Paper link: https://arxiv.org/abs/1705.07962

Several days ago, Tony Beltramelli published pix2code. Pix2Code aims at automating the mockups-to-code process using Artificial Intelligence.

Training example from the Paper.

The generated code is not really compilable, but it can be converted into Web, iOS, Android or anything that can be used in an application.

Training

Pix2Code uses a combination of 3 Neural Networks:

  • A LSTM (Long-Short Term Memory) network that takes a sequence of tokens as input (tokens being terminals in the language chosen)
  • a CNN (Convolutional Neural Network) used to engineer features out of the mockup.
  • A LSTM’ that takes (q_t, p) as input and outputs a Softmax vector of tokens. The result (x_t+1) is then fed into the next iteration. The output vector is a mapping of probability to a terminal token.
Description of the training network from the paper.

The restricted language complexity of the DSL (Domain Specific Language) allows hot vector encoding at the input and a Softmax vector at the output.
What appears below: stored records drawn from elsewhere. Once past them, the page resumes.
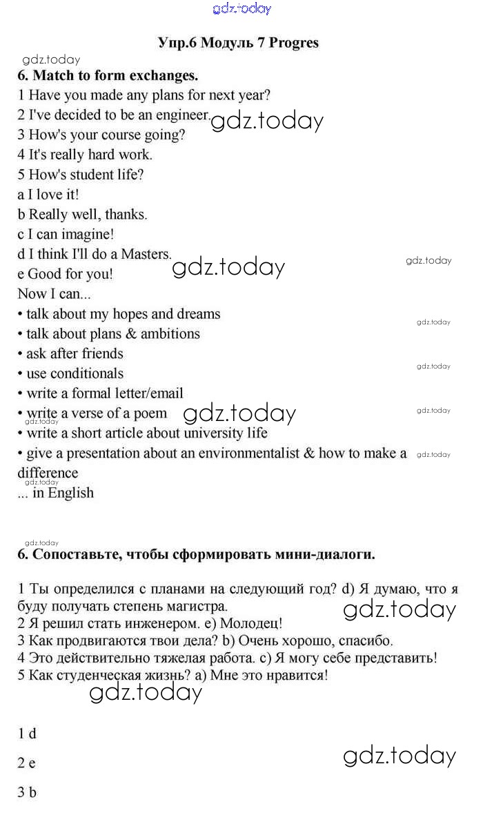 На страницах сайта gdz.today вы найдете учебный и вспомогательный материал, направленный на улучшения знаний школьной программы. ГДЗ - онлайн мир знаний Progress check 7 Решение. Module 7. In days to come 6 Учебнику по Английскому языку для 11 класса Эванс, Дули Просвещение Spotlight 2015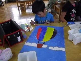 大きなキャンバスに絵を描きました。2日間にわたり、専門家のアドバイスを受け、色使いやデザインも大胆になりました。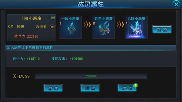 然后要培养战灵!没错,是战灵!3个不同种类的战灵都装备了,全都升到5级后就有了战神变身!这是通关副本BOSS的关键!几乎是双倍的属性状态!然后属性还不够牛X?还是被怪虐?继续培养战灵啊!1阶升2阶的战灵,属性提升杠杠的!投入绝对比+8 +9的钱要少多了,最多就1000钻,增加近1000攻击,武器顶天也就比+7加多100好吧!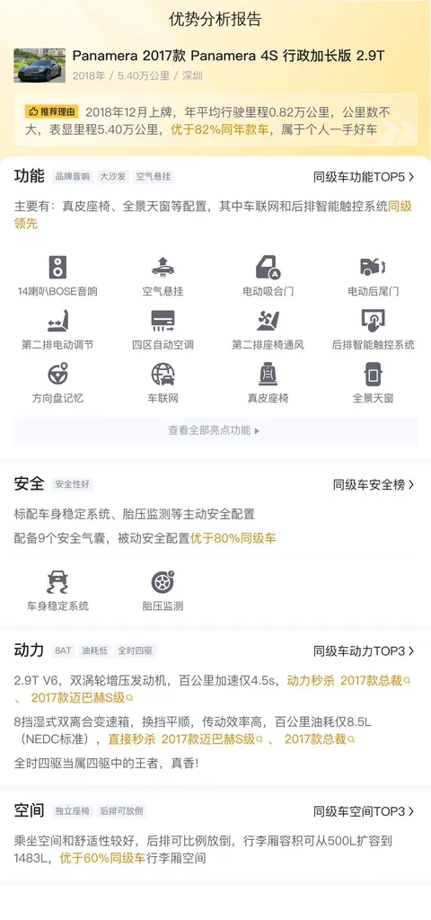 综上所述的用车成本、市场行情、优势分析、同款比价等数据仅供参考,车况信息需要线下结合车辆实际情况进行综合参考,这辆帕拉梅拉让我想到了网上很火的那个段子:开宝马 奔驰的是有钱人,开兰博基尼 法拉利的是富人,开帕拉梅拉的是狠人,兄弟们,做人做事,别忘了,咱也是狠人!现在机会来了,7年5万公里,只要69.8万的帕拉梅拉行政加长版,3秒俱乐部会员卡等你来拿!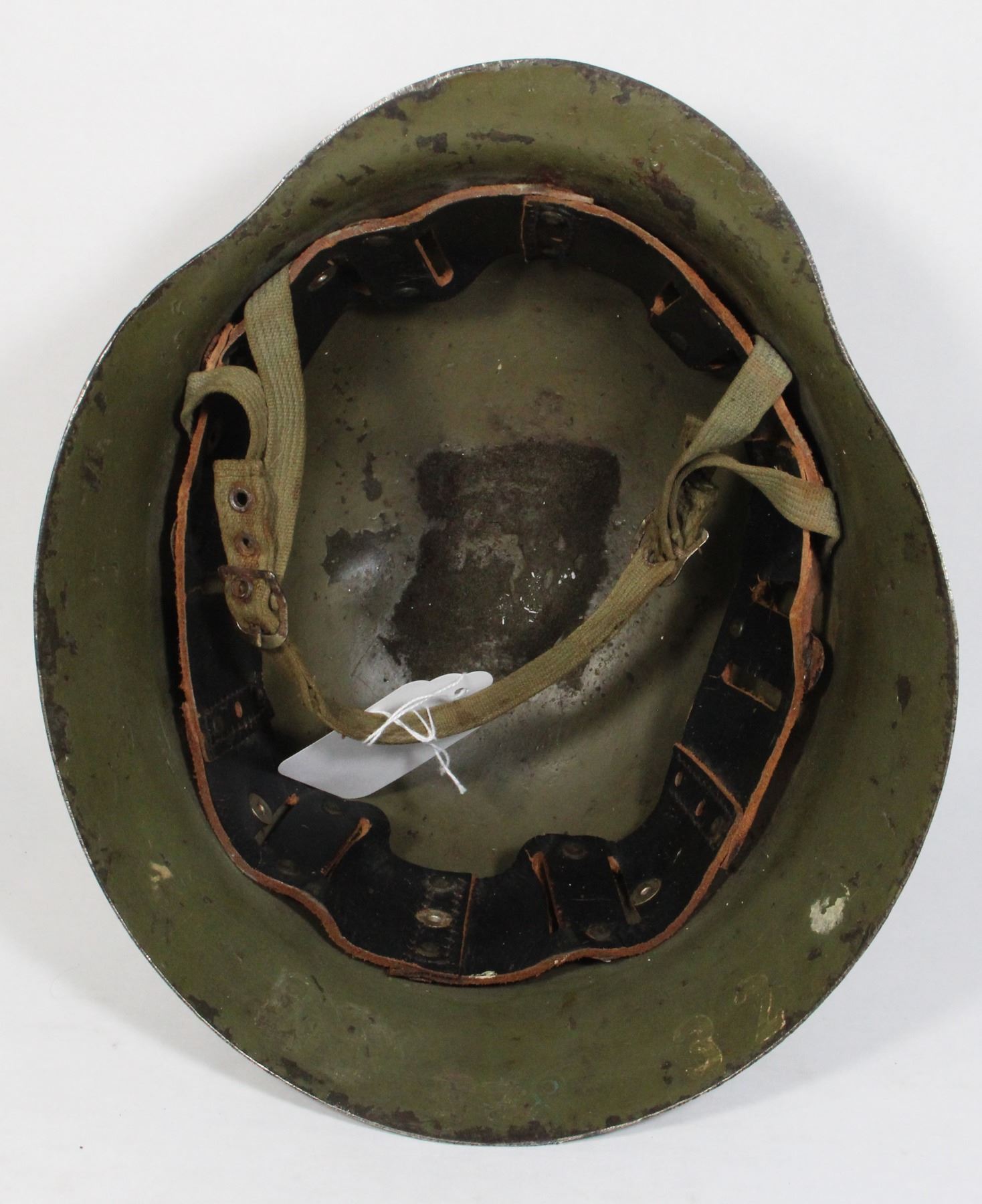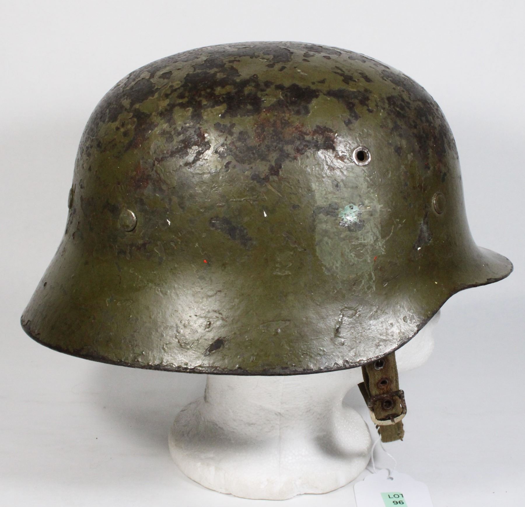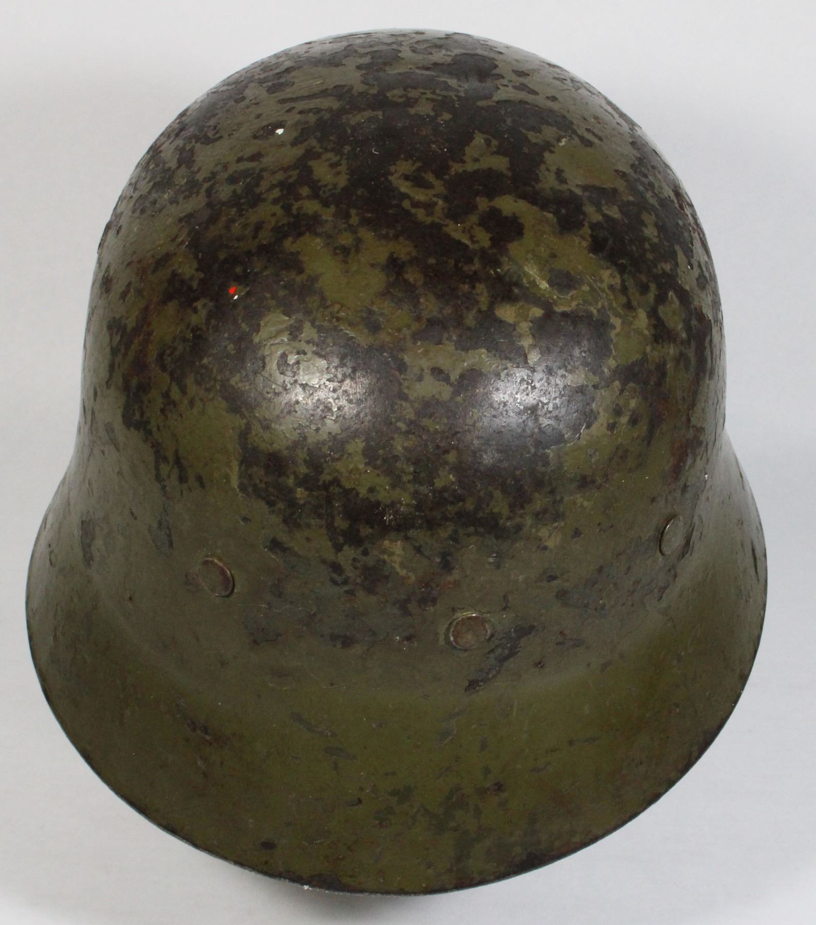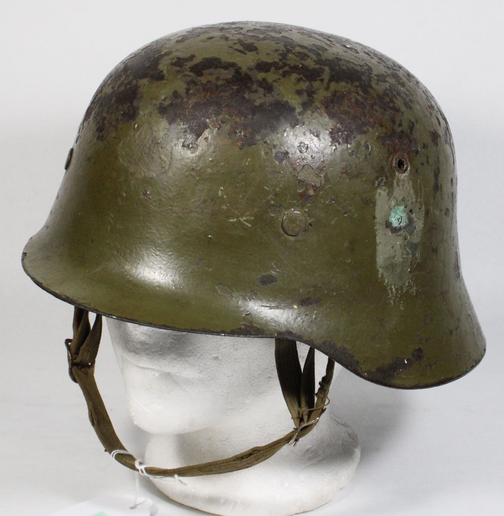 Spanish Military helmet, includes replacement liner and chinstrap, signs of wear on paint. World War Two Spain Spanish Military

The LSTM network is fed with a window of tokens of size T (the paper specifies that T=48 is a good window size following empirical tests).

Sampling

After training the network, we can feed it any mockup and generate DSL code.

Inference network from the Paper

The empty state is an array of 48 vectors with the last one being <START>. The generating process ends when the generating network outputs the <END> token.

The generated DSL code can be compiled into a target code such as HTML (Web), Objective-C (iOS), Java (Android).

Generating code from a GUI mock up

Results

Although the loss curves seem really promising, the author only shared cherry-picked examples (such as the one at the top of this article). A 77% accuracy is advertised by the author.

Loss curves
Ill-generated code.

Restrictions of the algorithm so far:

  • No dataset of GUI to code is available online
  • The code is not provided (yet) by the author
  • The code generated is restricted to a subset language (DSL)
  • The colors and text are not captured by the AI

This paper is a good start and an interesting use of Convolutional Neural Nets for writing software. This echoes with some other recent papers (DeepAPI, DeepCoder) that hope to automate some parts of software engineering is the near future.

Interestingly enough, to my knowledge, nobody has been able to generate front-end code using Adversarial Neural Network so far. Surely we’ll see more of those in the short term.